Intrauterine exposure to mild analgesics during pregnancy and the occurrence of cryptorchidism and hypospadia in the offspring: the Generation R Study
Publication: Research - peer-review › Journal article – Annual report year: 2012
BACKGROUND: Recently, over-the-counter mild analgesic use during pregnancy has been suggested to influence the risk of reproductive disorders in the offspring. We examined the influence of maternal exposure to mild analgesics during pregnancy on the occurrence of cryptorchidism and hypospadia in their offspring. METHODS: Associations between maternal exposure to mild analgesics during pregnancy and cryptorchidism or hypospadia in the offspring were studied in 3184 women participating in a large population-based prospective birth cohort study from early pregnancy onwards in the Netherlands (2002–2006), the Generation R Study. Cryptorchidism and hypospadia were identified during routine screening assessments performed in child health care centres by trained physicians. The use of mild analgesics was assessed in three prenatal questionnaires in pregnancy, resulting in four periods of use, namely, periconception period, first 14 weeks of gestation, 14–22 weeks of gestation and 20–32 weeks of gestation.

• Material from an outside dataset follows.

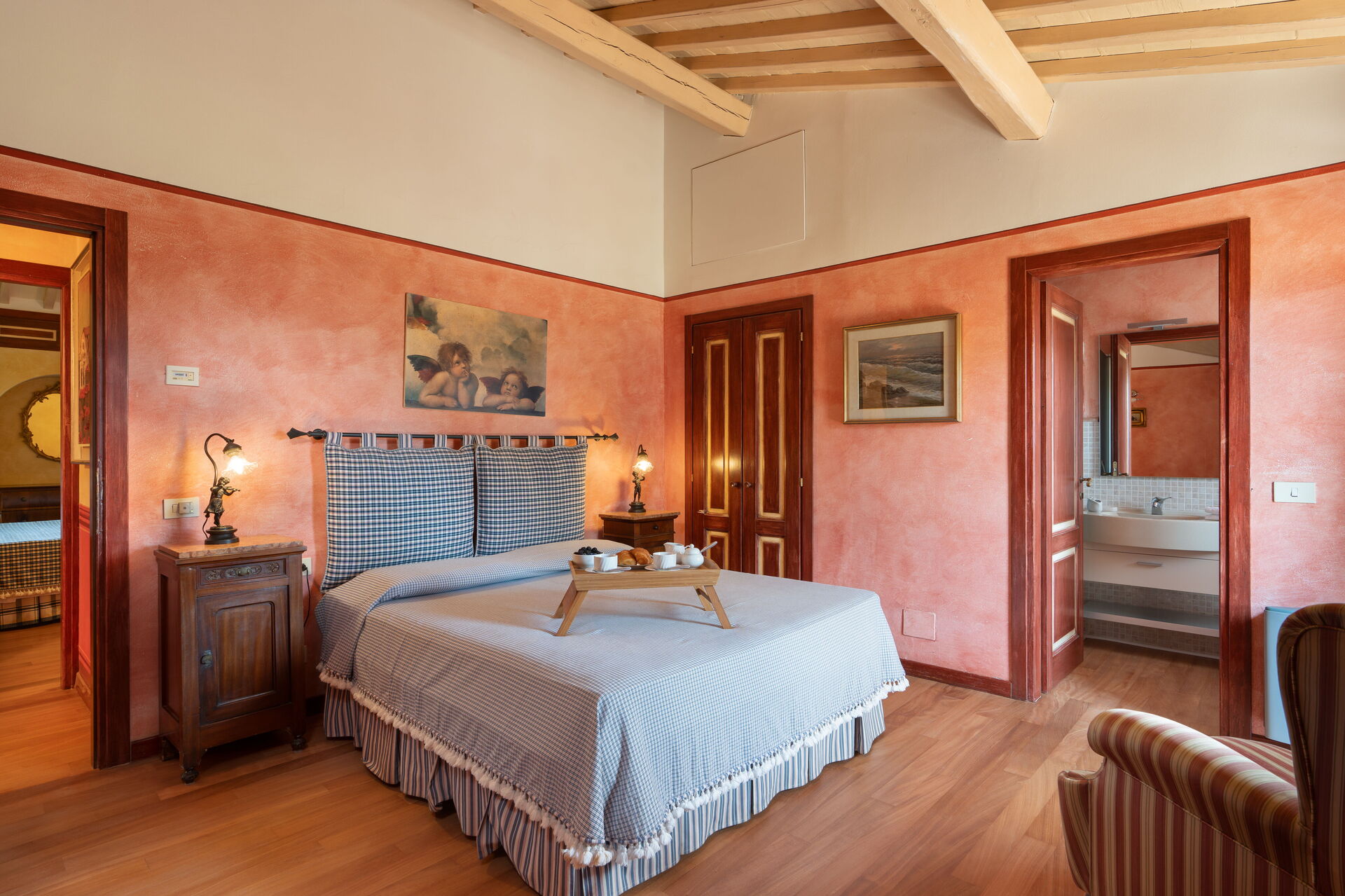 Bedroom + Ensuite Bathroom 6 (14.85 m2): double bed, WIFI internet, air conditioning, safe, basin, toilet, bidet, shower.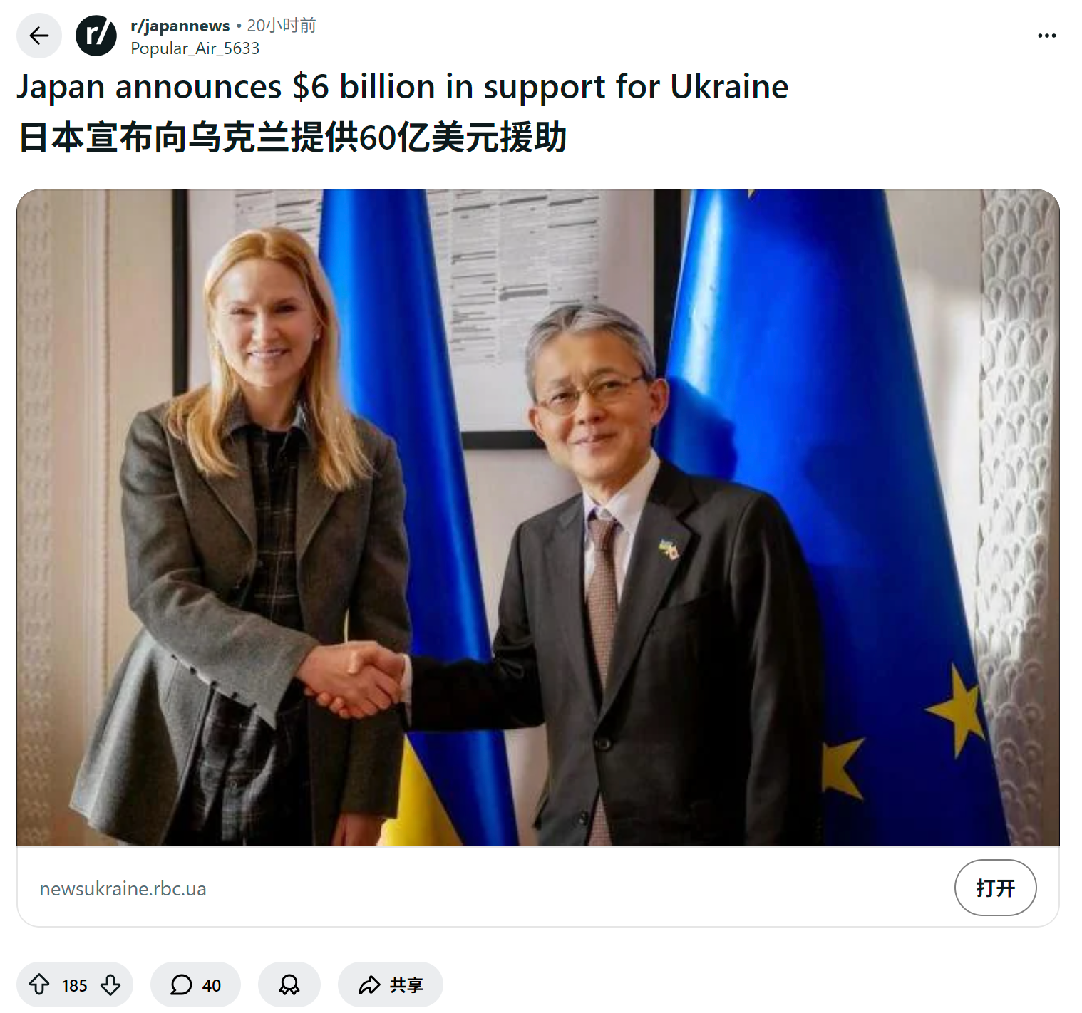 reddit帖子 日本人怎么看日本宣布向乌克兰提供60亿美元援助

Logistic regression analyses were used to study the associations between maternal exposure to mild analgesics and cryptorchidism and hypospadia. RESULTS: The cumulative prevalence over 30 months of follow up was 2.1% for cryptorchidism and 0.7% for hypospadia. Use of mild analgesics in the second period of pregnancy (14–22 weeks) increased the risk of congenital cryptorchidism [adjusted odds ratio (OR) 2.12; 95% confidence interval (CI) 1.17–3.83], primarily due to the use of acetaminophen (paracetamol) (adjusted OR 1.89; 95% CI 1.01–3.51). Among mothers of cryptorchid sons, 33.8% reported (23 of 68) the use of mild analgesics during pregnancy, compared with 31.8% (7 of 22) of mothers with a boy with hypospadia and 29.9% (926 of 3094) of mothers with healthy boys. CONCLUSIONS: Our results suggest that intrauterine exposure to mild analgesics, primarily paracetamol, during the period in pregnancy when male sexual differentiation takes place, increases the risk of cryptorchidism.